GIVEN ENTRIES:
- Opening Delimiter -

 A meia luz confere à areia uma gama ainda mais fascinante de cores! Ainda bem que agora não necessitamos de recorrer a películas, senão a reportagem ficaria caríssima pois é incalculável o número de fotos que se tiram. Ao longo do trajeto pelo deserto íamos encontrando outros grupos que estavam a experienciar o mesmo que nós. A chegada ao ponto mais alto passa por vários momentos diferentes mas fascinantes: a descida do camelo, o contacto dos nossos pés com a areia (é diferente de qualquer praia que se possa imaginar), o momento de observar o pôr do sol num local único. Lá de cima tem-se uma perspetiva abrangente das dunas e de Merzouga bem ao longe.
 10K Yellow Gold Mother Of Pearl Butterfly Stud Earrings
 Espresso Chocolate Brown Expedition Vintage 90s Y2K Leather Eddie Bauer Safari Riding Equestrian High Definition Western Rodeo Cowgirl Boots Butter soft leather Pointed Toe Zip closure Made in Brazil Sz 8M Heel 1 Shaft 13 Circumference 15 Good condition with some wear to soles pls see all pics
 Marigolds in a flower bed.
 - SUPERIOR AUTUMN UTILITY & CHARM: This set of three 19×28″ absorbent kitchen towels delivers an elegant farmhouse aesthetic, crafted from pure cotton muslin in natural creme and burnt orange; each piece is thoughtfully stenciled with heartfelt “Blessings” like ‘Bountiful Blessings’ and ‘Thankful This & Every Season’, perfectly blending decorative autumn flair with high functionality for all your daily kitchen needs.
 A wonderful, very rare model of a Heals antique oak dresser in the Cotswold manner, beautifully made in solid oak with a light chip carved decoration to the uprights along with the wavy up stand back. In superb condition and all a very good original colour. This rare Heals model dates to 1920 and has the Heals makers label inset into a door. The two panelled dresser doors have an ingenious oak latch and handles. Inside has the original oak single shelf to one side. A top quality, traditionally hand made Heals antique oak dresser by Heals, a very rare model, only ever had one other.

- Closing Delimiter -
- Opening Delimiter -

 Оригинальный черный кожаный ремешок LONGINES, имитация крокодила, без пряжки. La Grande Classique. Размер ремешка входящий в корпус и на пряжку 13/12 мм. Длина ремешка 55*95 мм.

- Closing Delimiter -

ACTION ITEM: Would you print exactly and only the lines of the material above that run from the line with "10K Yellow Gold" through the line with "- SUPERIOR AUTUMN", both included?

RESPONSE TO THE EXERCISE:
 10K Yellow Gold Mother Of Pearl Butterfly Stud Earrings
 Espresso Chocolate Brown Expedition Vintage 90s Y2K Leather Eddie Bauer Safari Riding Equestrian High Definition Western Rodeo Cowgirl Boots Butter soft leather Pointed Toe Zip closure Made in Brazil Sz 8M Heel 1 Shaft 13 Circumference 15 Good condition with some wear to soles pls see all pics
 Marigolds in a flower bed.
 - SUPERIOR AUTUMN UTILITY & CHARM: This set of three 19×28″ absorbent kitchen towels delivers an elegant farmhouse aesthetic, crafted from pure cotton muslin in natural creme and burnt orange; each piece is thoughtfully stenciled with heartfelt “Blessings” like ‘Bountiful Blessings’ and ‘Thankful This & Every Season’, perfectly blending decorative autumn flair with high functionality for all your daily kitchen needs.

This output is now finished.